Enterobacteriaceae are a family of Gram-negative bacteria responsible for a significant fraction of cases across conditions, including complicated urinary tract infections, bloodstream infections and hospital-acquired pneumonia.1
We estimate there are more than one million infections in the US annually caused by Enterobacteriaceae across these three settings.2 Enterobacteriaceae are facing growing numbers of antibiotic resistant strains. Two of the most alarming antibiotic resistance trends, which make the CDC list of urgent and serious threats3 are:
- Extended-spectrum beta-lactamase (ESBL)-producing Enterobacteriaceae. ESBL is an enzyme that allows bacteria to become resistant to a wide variety of penicillin and cephalosporin antibiotics.4
ESBL-producing Enterobacteriaceae account for an estimated 26,000 infections annually in the US with 1,700 deaths, according to the CDC.4
- Carbapenem-resistant Enterobacteriaceae (CRE). CRE are resistant to nearly all existing antibiotics, including carbapenems which are considered the antibiotics of last resort. CRE account for an estimated 9,000 infections per year in the US and 1,100 deaths, according to the CDC.5
We have discovered a series of new mechanism antibiotics targeting Enterobacteriaceae, called DDS-04. Our DDS-04 series acts via LolCDE, a novel bacterial target. The LolCDE site of DDS-04 series activity is conserved in the majority of therapeutically important Enterobacteriaceae, resulting in targeted spectrum compounds. With its new mechanism of action, the DDS-04 series was rapidly bactericidal and highly potent across globally diverse Enterobacteriaceae strains in research studies,6 which included multi-drug resistant isolates. Importantly, the DDS-04 series also showed low propensity for resistance development and did not show cross-resistance with existing classes of antibiotics, suggesting that DDS-04 compounds have the potential to overcome known resistance mechanisms. This profile makes the DDS-04 series attractive for further development for the treatment of Enterobacteriaceae infections.
Our DDS-04 series compounds cured infection in a translationally-relevant animal model of urinary tract infection,6 one of the major sites for Enterobacteriaceae infection. Therapeutic concentrations of the DDS-04 compound were also observed in other major sites in the animal model where life-threatening Enterobacteriaceae infections occur, including the lungs and the bloodstream. Our initial pre-clinical candidate from the DDS-04 series is SMT-738.

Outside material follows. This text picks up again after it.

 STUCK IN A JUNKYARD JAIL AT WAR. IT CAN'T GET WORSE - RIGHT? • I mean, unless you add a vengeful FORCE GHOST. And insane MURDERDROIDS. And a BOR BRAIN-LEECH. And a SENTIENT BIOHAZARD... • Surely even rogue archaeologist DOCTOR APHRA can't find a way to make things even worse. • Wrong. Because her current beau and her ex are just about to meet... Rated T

There is a clear and urgent need to develop new mechanism antibiotics to treat infections caused by Enterobacteriaceae, especially given increasing issues of resistance to existing agents. We are developing the DDS-04 series as a potential Enterobacteriaceae drug of choice, which could address several body sites of infection.
We see potential to develop an Enterobacteriaceae-targeted compound in a number of body system settings where Enterobacteriaceae cause serious infections and where current therapies do not provide for confidence in treatment because of growing resistance issues.

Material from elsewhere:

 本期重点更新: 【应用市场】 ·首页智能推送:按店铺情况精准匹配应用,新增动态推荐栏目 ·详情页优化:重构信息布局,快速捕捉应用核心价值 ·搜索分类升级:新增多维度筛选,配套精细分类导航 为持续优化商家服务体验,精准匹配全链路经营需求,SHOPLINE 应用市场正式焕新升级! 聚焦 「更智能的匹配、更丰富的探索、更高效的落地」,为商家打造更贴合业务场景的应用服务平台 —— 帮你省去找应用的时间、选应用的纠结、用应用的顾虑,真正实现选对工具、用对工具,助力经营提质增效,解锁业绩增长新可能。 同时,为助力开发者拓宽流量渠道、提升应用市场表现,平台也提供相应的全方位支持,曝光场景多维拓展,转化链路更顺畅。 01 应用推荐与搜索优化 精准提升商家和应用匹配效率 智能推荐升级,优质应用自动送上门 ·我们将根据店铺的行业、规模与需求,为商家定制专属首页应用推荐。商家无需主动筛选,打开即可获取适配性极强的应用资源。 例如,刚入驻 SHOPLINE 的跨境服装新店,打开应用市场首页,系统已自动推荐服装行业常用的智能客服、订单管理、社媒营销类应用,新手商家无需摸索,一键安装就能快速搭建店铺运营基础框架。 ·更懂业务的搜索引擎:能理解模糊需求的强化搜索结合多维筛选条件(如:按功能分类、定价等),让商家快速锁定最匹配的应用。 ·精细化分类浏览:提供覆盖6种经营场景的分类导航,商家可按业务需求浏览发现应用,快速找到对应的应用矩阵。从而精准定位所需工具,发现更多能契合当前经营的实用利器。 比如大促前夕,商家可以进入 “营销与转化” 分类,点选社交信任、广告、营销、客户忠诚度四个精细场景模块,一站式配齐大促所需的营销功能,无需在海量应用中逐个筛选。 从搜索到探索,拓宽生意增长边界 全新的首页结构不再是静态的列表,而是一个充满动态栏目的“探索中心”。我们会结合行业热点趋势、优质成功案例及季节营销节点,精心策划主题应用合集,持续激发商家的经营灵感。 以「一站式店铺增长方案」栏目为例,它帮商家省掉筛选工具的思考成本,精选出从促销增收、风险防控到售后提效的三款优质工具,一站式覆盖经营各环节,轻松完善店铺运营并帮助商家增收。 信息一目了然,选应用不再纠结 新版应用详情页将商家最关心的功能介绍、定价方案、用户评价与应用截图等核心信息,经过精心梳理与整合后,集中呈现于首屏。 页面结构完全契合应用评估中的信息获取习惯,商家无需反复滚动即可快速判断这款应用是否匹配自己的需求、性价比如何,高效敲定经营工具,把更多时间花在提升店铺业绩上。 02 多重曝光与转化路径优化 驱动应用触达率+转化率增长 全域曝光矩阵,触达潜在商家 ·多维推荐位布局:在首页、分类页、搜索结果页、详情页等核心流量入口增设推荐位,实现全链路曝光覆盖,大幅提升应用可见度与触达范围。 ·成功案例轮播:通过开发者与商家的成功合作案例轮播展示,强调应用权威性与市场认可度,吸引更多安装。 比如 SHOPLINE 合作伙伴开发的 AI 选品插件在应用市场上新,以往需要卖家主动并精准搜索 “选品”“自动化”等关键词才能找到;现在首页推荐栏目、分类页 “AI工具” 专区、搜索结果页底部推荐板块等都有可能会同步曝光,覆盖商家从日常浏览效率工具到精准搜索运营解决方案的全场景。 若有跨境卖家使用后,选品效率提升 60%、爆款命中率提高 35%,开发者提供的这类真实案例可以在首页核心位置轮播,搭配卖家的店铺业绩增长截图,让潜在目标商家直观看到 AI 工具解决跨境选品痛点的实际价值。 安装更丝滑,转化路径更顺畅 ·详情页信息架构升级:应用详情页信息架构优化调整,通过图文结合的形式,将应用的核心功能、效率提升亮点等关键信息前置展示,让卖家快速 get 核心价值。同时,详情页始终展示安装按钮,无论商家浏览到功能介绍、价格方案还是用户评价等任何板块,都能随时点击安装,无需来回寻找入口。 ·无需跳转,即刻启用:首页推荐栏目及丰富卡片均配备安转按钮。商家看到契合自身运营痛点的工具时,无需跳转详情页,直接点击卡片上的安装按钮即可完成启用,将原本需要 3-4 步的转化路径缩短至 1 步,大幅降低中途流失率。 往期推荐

- Ramirez D, et al. NCBI Bookshelf 2023. StatPearls Publishing. Enterobacter Infections (v0.1).
- Gupta V, et al. BMC Infect Dis. 2019;19:742 (v0.1).
- 2019 AR Threats Report. CDC. (v0.1).
- Extended Spectrum B-Lactamase (ESBL) Producing Enterobacteriaceae. CDC. (v0.1).
- Livorsi D, et al. Antimicrobial Resistance and Infection Control 2018;7:55 (v0.1)
- Data on File 6. Summit Therapeutics, Inc.